Mitzi shook her head, her long straight hair flickering. “No. I made up Carmel. Because of her father and all. I’m not shitting you, if you’ll pardon the expression.”

“What about Saturday night?”

“Where’s my mother humping, if you’ll forgive the expression, spatula?” Mitzi shook a silverware drawer, jabbing chubby fingers into it. “You ought to go talk to Dean.”

“Dean who?”

“Dean Constance. Maybe his fame hasn’t reached your part of Los Angeles yet. He’s one of our leading dirty movie makers. He’s richer than shit, if you’ll pardon the expression.” She located a bent-handled spatula and turned the sizzling blintzes. “Dean lives in an enormous mother of a place over in Ross. You know where Ross is? You go across the Golden Gate Bridge and instead of turning off to Sausalito you keep on straight for a while. A very rich town.”

“Is that where you and Jill were Saturday night?”

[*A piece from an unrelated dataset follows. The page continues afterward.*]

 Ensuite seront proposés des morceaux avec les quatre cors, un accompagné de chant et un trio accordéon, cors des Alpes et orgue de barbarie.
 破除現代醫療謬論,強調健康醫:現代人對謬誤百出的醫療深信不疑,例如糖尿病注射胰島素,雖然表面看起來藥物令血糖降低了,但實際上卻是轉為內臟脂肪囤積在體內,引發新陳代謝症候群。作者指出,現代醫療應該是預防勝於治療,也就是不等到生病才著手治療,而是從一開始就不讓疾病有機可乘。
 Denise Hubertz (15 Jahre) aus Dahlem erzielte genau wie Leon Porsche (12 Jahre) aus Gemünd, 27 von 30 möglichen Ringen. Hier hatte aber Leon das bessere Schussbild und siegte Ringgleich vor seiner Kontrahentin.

“Dean has a continuous party going,” said the chubby girl. “Jill and I looked in Saturday.”

“Who’d she leave with?”

“It’s who I left with that pertains,” said Mitzi. “Can you believe at a party with over a hundred freaky people in attendance I end up with a nice young clean-cut Jewish lawyer. I did and left with him. I never saw Jill after that.” She sniffed, noticed smoke spinning up from the skillet and jerked it up off the burner. “Julia Child I’m not.”

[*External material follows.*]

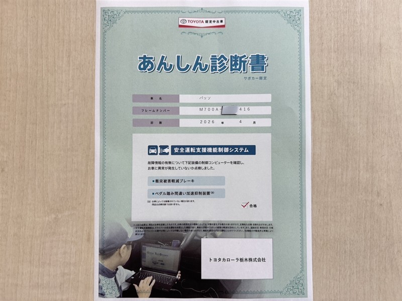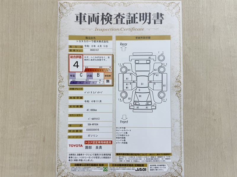 トヨタ自動車が認定した検査員が、厳正に検査した車両検査証明書を発行しています。キズの程度や場所を展開図で分かりやすく表示しているのでおクルマの状態がすぐ分かります。

Easy unfolded his arms, flexed his wrists and his knuckles made a crackling sound. “You’re still not telling me everything.”

“Yes, I am,” insisted the chubby girl. “I really am.”

“You’re worried about something.”

“No, I’m not.”

Easy asked, “Are you afraid somebody’s done something to Jill?”

“No,” said Mitzi. “Good sweet Jesus, if you’ll pardon the expression, this is the waning of the twentieth century. Girls do odder things than dropping out of sight for a few days.” She dropped the skillet on top of the flower prints on the table.

“What about suicide?”

Mitzi turned away, walked to a wall cabinet. Finally, her back to him, she said, “For who? Me.”

“You know Jill,” said Easy. “I only know her secondhand. People tell me she’s been depressed lately, upset. Do you think suicide’s a possibility?”

Mitzi faced him, holding two chipped plates. “I don’t think suicide is hereditary, though maybe Jill’s father would like her to think so. She’s not likely to do what …” She stopped, closed her eyes for a second.

“You had an unpleasant thought just then,” suggested Easy.

Mitzi side-handed a pile of prints off the table and set a plate down on his side of it. “A mind reader you aren’t. I was only thinking if I don’t stop shooting the shit, you should pardon the expression, and start eating lunch I’m going to be late opening the box office. I don’t want a bunch of impatient deadbeats smashing down my doors.”

“I thought you only got cinema buffs.”

“In San Francisco it’s hard to tell one from the other.” She slapped two charred yellow blintzes down on his plate.